Histories of Postwar Architecture (Aug 2021)
Constructing a Constellation of Architecture Criticism in 1980s China: Zeng Zhaofen and a Tale of Two Journals
Abstract
In 1980, Zeng Zhaofen, an academic at Tsinghua University, co-founded World Architecture, a journal devoted to introducing global architecture to China. While steering the journal’s operations by editing articles and organizing academic activities during his editorship (1980–1995), Zeng seldom published architecture criticism in his own periodical, but rather did so in the journal’s local rival, The Architect. His writings, with their strongly committed political and operative tendencies, became one of the leading voices advocating for abstract modernism in 1980s China. This paper draws on Walter Benjamin’s notion of the constellation, using Zeng’s critical activities as a vehicle to examine the conditions of possibility for journal culture and architecture criticism.

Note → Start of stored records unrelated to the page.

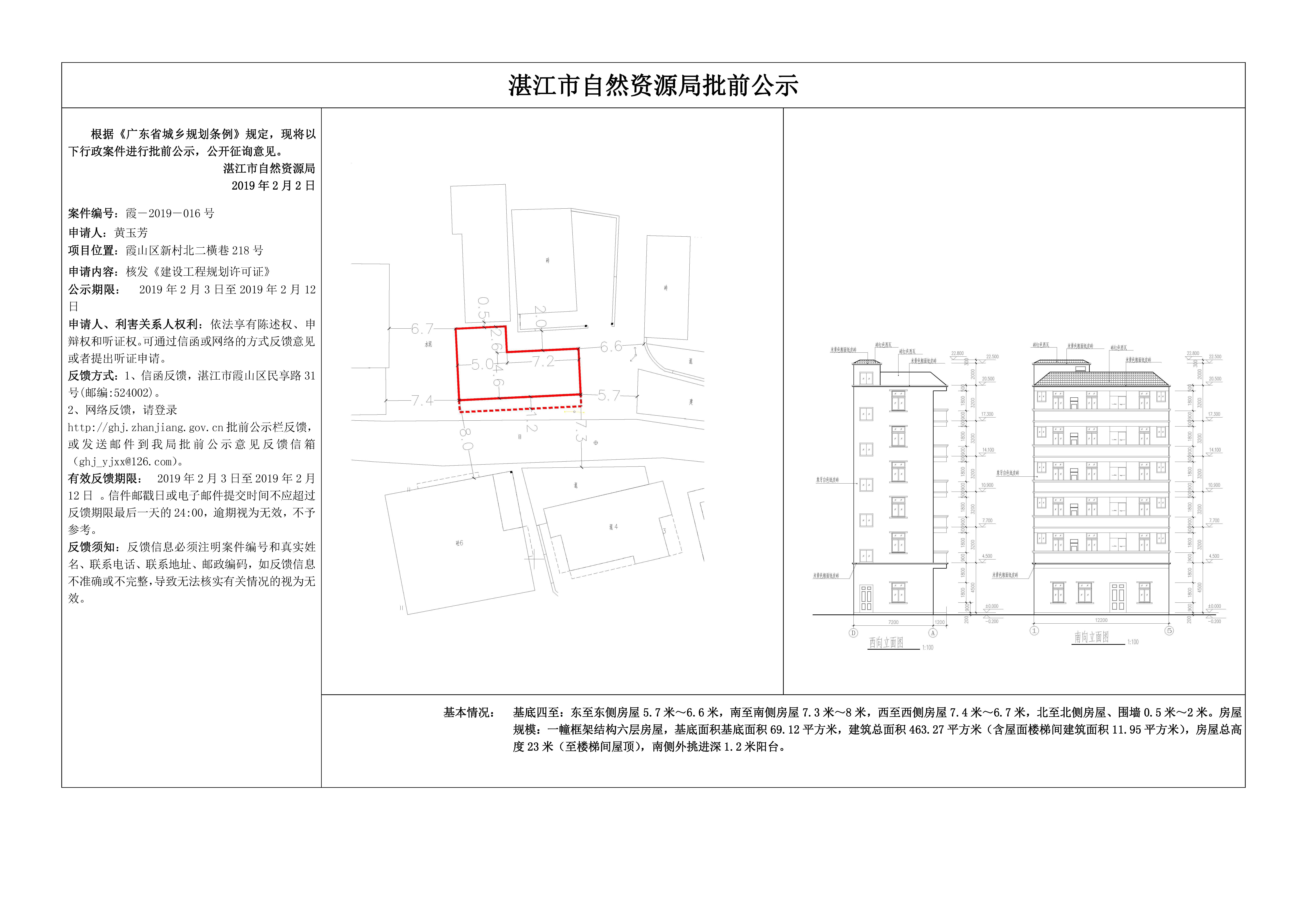 (黄玉芳)核发《建设工程规划许可证》批前公示
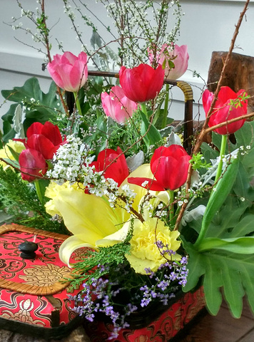 看地图觉得植物园离住的地方不远,决定走的去,早上六点起来在路上看到了一条山路问了路人说可以翻山过去,清晨山上寂静无人,我们沿着台阶奋力向上攀登,终于翻过了这座不知名的山,却看不到目的地,原来走错了,虽然这样,家人在一起互相包容,互相体贴,没有怨言,都鼓励对方,换个角度看问题,等于锻炼身体了。虽然很累,心里却暖暖的。这就是旅途带给我们的欢乐,欣然接受不可预见的事情。下山了,只好打车了,一会植物园就到了,心情一下豁然开朗,这里真是一个花的海洋,五彩缤纷,鲜艳欲滴,让你情不自禁的旳喜笑颜看,笑魇如花。
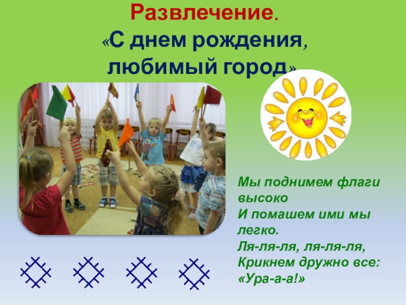 улицу зовет»; «Ах, как хорошо в садике живется»; сл. М. Матусовского, муз.В. Шаинского «Динь-динь, детский сад»; сл. Н. Френкель, сл. Е. Шмаковой, музыка Е. Тиличеевой «Флажок»
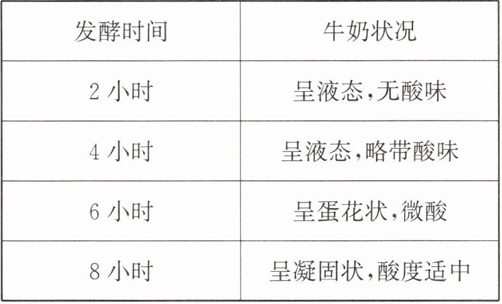 (4)该小组进一步探究了“制作酸奶的发酵时间”,实验结果如上表所示。根据实验结果,得出的结论是制作酸奶的发酵时间以
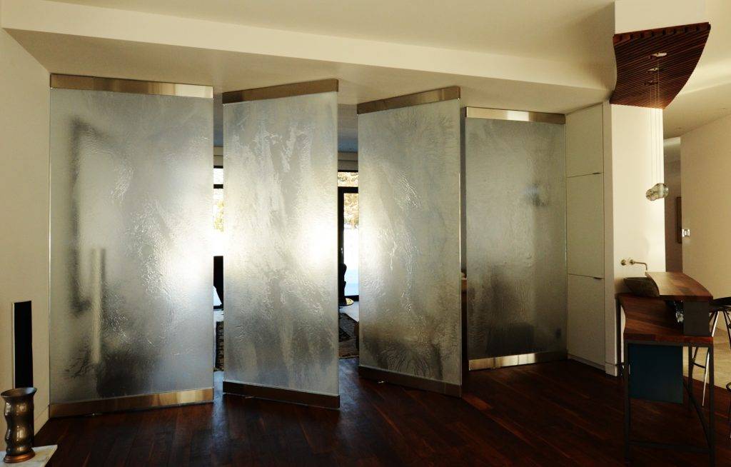 Стекло выберет не каждый, в промышленности также используется редко. Обусловлено это сравнительно невысоким спросом, непрактичностью высокой ценой готового изделия. Однако хозяин такого изделия, добавит изюминку интерьеру квартиры. Скучных складных стеклянных книжек нет. Помимо классического прозрачного, выбирают:
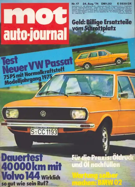 VW Passat 1500 N Volvo 144 E/A 40000 km Leichte Gebrauchsspuren
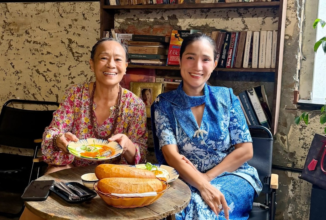 Nghệ sĩ Ưu tú Cát Tường và mẹ. Ảnh: FBNV
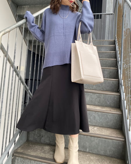 モックネックサイドスリットチュニックニット
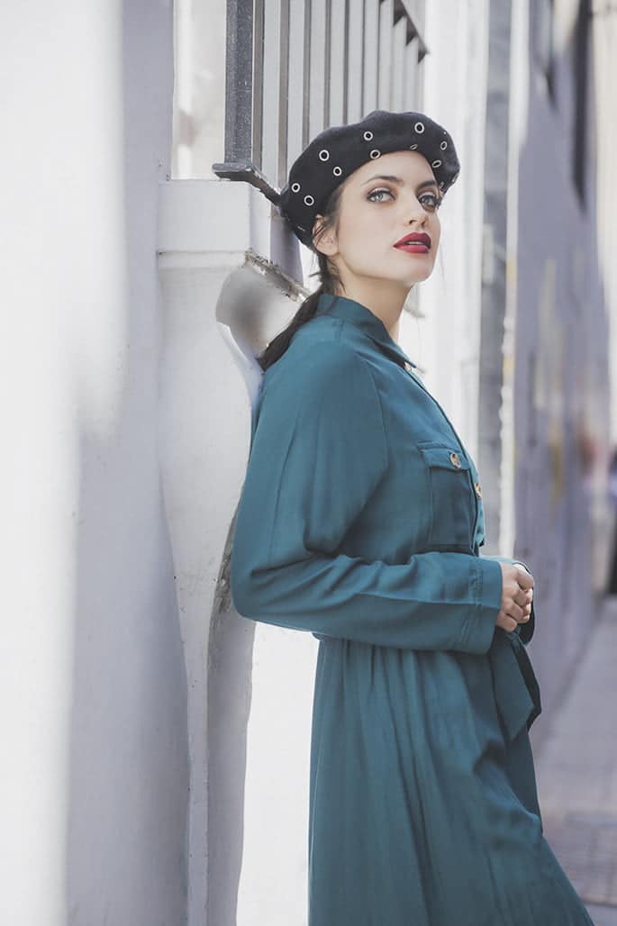 VESTIDO DE INVIERNO Vestido de algodón manga larga (Estancias) y boina con tachas (Yagmour).

It argues that The Architect journal and Zeng’s published criticism maintained a shared character as a constellation through juxtaposing multiple texts, architects, projects, and ideas and presenting coherent positions within an underlying structuralized pattern—reconstructing the repressed discourse of modernism. The historical appearance of this intellectual constellation was dependent on a vibrant ecosystem of architecture criticism that reached its heyday in the 1980s, characterized by the dynamic and productive interactions between critics, editors, architects, and other stakeholders in a relaxed socio-political climate.